Недолго размышляя, Олег рванулся внутрь туалета, но две пары мощных рук тут же остановили его порыв. Он начал крутиться и извиваться, пытаясь прорваться и краем глаза отмечая лежащее под раковиной тело. «В чем дело?! - Олег услышал свой рвущийся из груди голос. - Пустите, я врач!».
       Сногсшибательный толчок откинул его на несколько метров назад. «Вали отсюда!» -
услышал он, больно приземляясь на копчик. Удачно выставив руку и тем самым избежав столкновения головы с кафельным полом, Олег начал подниматься, ловя ошалевшим сознанием обрывки фраз. «…он не дышит… престиж заведения…шприц….скорую поздно, надо ментов…».

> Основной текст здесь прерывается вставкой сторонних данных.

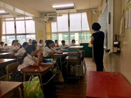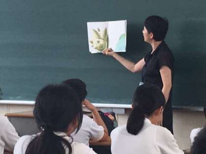 朝の読書は、1年生の読み聞かせです。読書ボランティアさんの読みで、お話を聞きます。本のタイトルは「せかいいち おおきな うち」です。これは、かたつむりが大きなうちに住みたくなり、その殻を大きくし、最後は困ってしまう話です。

        Всецело инстинктивно Олег встал на колени, после – на подкашивающиеся ноги и
бросился к выходу. Голова практически не работала, и мозг лишь фиксировал отдельные моменты реальности: затемненный холл; упругая неподатливость входной двери; морозная свежесть осенней ночи; слепящие фары проезжающей мимо машины; дерганье ботинка, напоровшегося на выбоину в асфальте…
         Он очнулся несколькими кварталами позже от нелепой мысли, пронесшейся внутри
черепной коробки: «Вот Я, идущий две недели назад…». Олег резко обернулся в сторону прошедшего мимо него парня в утепленной кепке и с наушниками, из которых прорывалось жужжание заводной музыки. Он вспомнил, как пару недель назад и вправду шел по этому месту в такой же кепке, полный экстатического воодушевления от звуков любимой песни. Впечатление было весьма ярким, и сходство с прохожим – несомненным, но сама мысль о возможности подобных временных коллизий была столь нелепой, и, самое главное – неуместной, что вывела Олега из состояния ступора.
         Шокированное сознание, казалось, переместилось по ту строну личности : все
происходящее оценивалось как бы от третьего лица, из-за пределов внутреннего Я.
         Полуотрешешно Олег отметил, как его тело свернуло к светящемуся ларьку,
достаточно внятно заказало пачку сигарет и бутылку крепкого пива; тщательно пересчитывая банкноты с мелочью, расплатилось и, произнеся неизменное «Спсба», двинулось далее. Неоднократно отточенное несколькими годами ранее движение зажигалкой сорвало крышку с бутылочного горлышка, и шипучий поток холода полился в пересохшее горло. Когда желание дышать пересилило жажду, Олег оторвал опустевшую бутылку от губ и вялым движением руки чпокнул ее в дребезги о придорожный столб.
        Орошенный прохладой, мозг начал собирать беспорядочные движения нейронных импульсов в единый поток. Сначала отыскалось решение первичных вопросов бытия «что я? где я ?», затем вернулось умение управлять ходом мыслей, и, в конце концов, включилась логика.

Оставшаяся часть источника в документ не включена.